Duncan Inverarity a partner and Head of A&L Goodbody's Employment Law group and has practiced exclusively in the area of employment law and industrial relations in multiple jurisdictions. Duncan advises public and private sector employers on both contentious and non-contentious matters. He advises Board rooms across Ireland and abroad on strategic and complex employment and industrial relations matters. Duncan also specialises in crisis management for clients and has advised on some of the most high profile corporate issues in Ireland. Duncan regularly appears for clients in the Workplace Relations Commission, the Circuit Court, the High Court, the Court of Appeal and the Supreme Court. Duncan also acts for partnerships in mediated settlements and in proceedings in the High Court.
The plaintiff made an application for an injunction to prevent the Minister for Justice from making a decision as to whether the plaintiff's employment should be terminated following a recommendation made by the Commissioner of An Garda Síochána. While Ní Raifeartaigh J agreed with the High Court decision that the application ought to be dismissed on grounds of delay, the judge took the opportunity to provide useful guidance as to the application of the Protected Disclosures Act 2014 (the 2014 Act) and its interaction with interlocutory relief.
The Judge rejected the appellant’s argument that the principles set out in Roland prevented him from applying for interlocutory relief sooner, noting that applicants are expected to act with expediency in applying for relief, given the inevitability of the defects. Such expediency was not present in this case and in fact, the delay was so blatant that it constituted the sole ground for refusal.
Ní Raifeartaigh J provided useful guidance as to the application of the Protected Disclosures Act 2014 and its interaction with interlocutory relief. The Judge set out a three-part test that an applicant must satisfy in order to benefit from the protections under the Act. Firstly, the communication in question must be shown to constitute a protected disclosure. To do so, the communication must satisfy the following requirements:
(a) It must disclose some wrongdoing on the part of the employer;
(b) The complainant must have had a reasonable belief that the employer was engaged in wrongdoing;
(c) The communication must have some informational content; and
(d) It must draw the attention of the employer to the information, regardless of their prior awareness of the information.
Importantly, the Judge highlighted that under S5(8) of the 2014 Act, a disclosure is presumed to be a protected disclosure until the contrary is proven. Consequently, each ingredient of a protected disclosure set out above, is presumed to be present until disproved by the respondent, alleviating the burden on the complainant.
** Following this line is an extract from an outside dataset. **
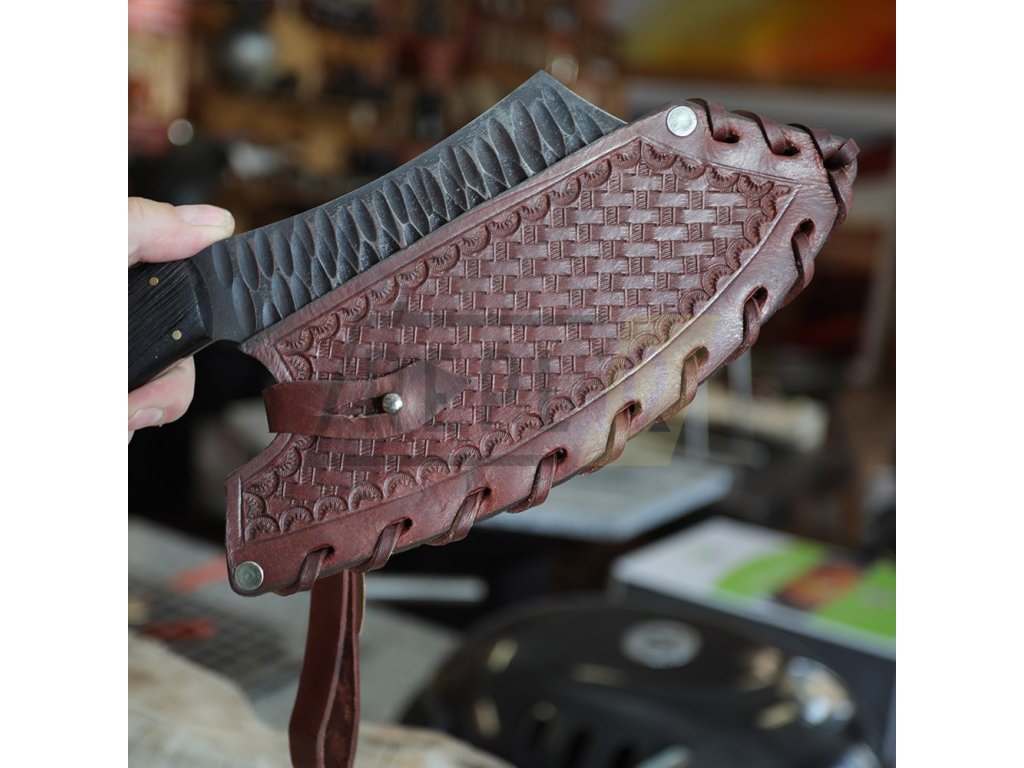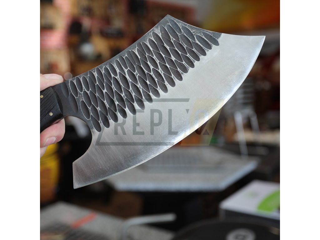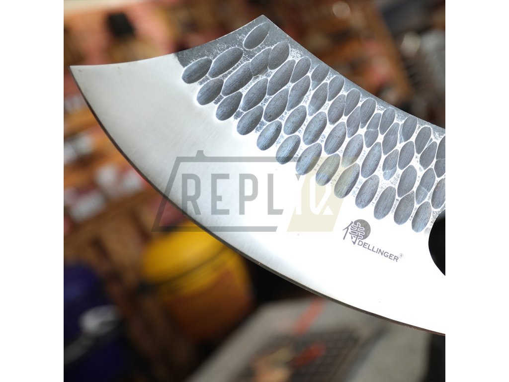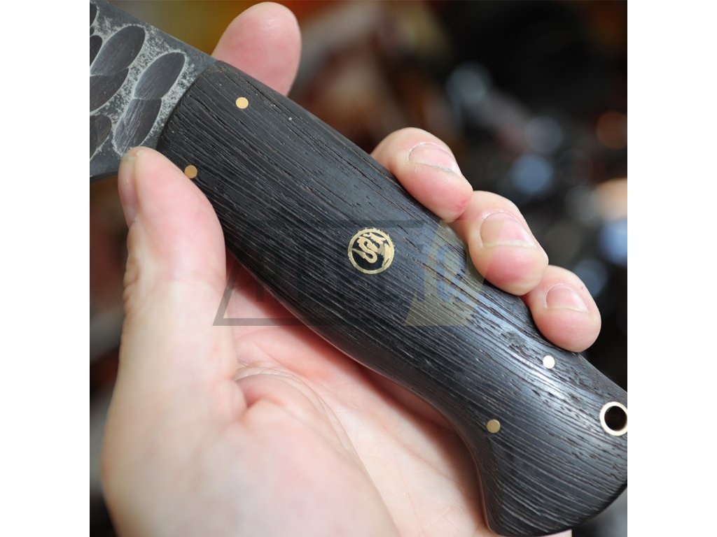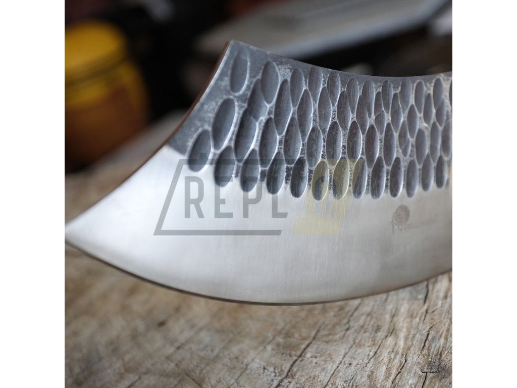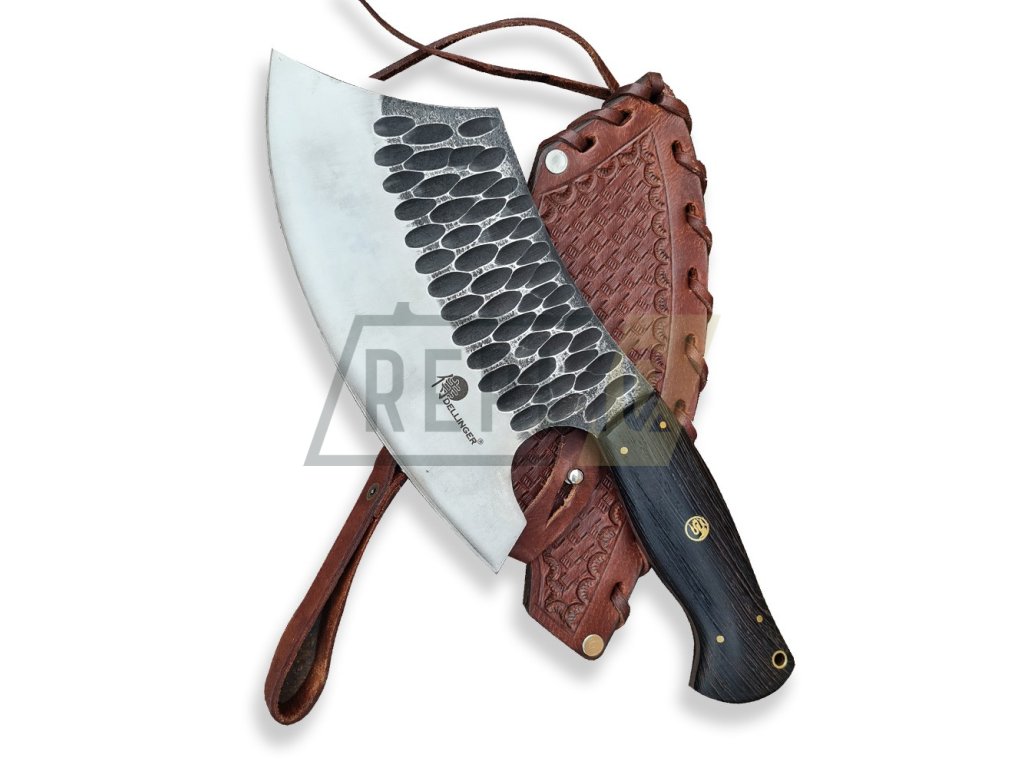 Tento jedinečný nůž ve tvaru sekáčku je zaslíben BBQ a grilování. Razantní ostří nezastaví ani menší kosti. Zaoblená čepel nože umožňuje houpavé řezy, díky kterým bude krájení ryb, masa a bylinek jednodušší. Tento nůž je kovaný z nástrojové oceli D2. Rukojeť je vyrobena z kartáčovaného dřeva Wenge. Po přesném a pečlivém vytvrzení, temperování a žíhání dosahuje tvrdosti HRC 60-62. Jeho ostří jen tak něco nepoškodí. Budete chtít ukázat každé návštěvě jaký kus překrásného železa se skrývá ve vaší kuchyni.

Ní Raifeartaigh J added that the communication in question need not relate to some third-party employee and can refer to the treatment suffered by the complainant personally as an employee. Equally, the communication need not be referred to as a protected disclosure under the 2014 Act at the time of communication and can be characterised as such at a later date.
With regards to the second and third limb of the test, the presumption in favour of the applicant does not apply. The applicant is required to show that they suffered penalisation. Penalisation is described, under S3 of the 2014 Act, as “any act or omission that affects a worker to the worker’s detriment,” this explicitly includes the administering of any discipline.
Thirdly, the applicant must show that there exists a connection between the protected disclosure and the penalisation. However, the Judge noted that the requisite strength of such a connection has not been determined in this jurisdiction.
Finally, Ní Raifeartaigh J reasoned that the presumption in favour of a protected disclosure is not confined to the substantive stage of the proceedings. Therefore, an applicant for an interlocutory injunction has the benefit of the statutory presumption in making the application.
Delay can constitute the primary and even sole ground for refusal of an interlocutory injunction.
This case affirmed the importance of informational content and the complainant’s reasonable belief as elements of assessing whether a communication constitutes a protected disclosure.
The reversal of the burden of proof applies to the interlocutory stage as it would to a substantive hearing.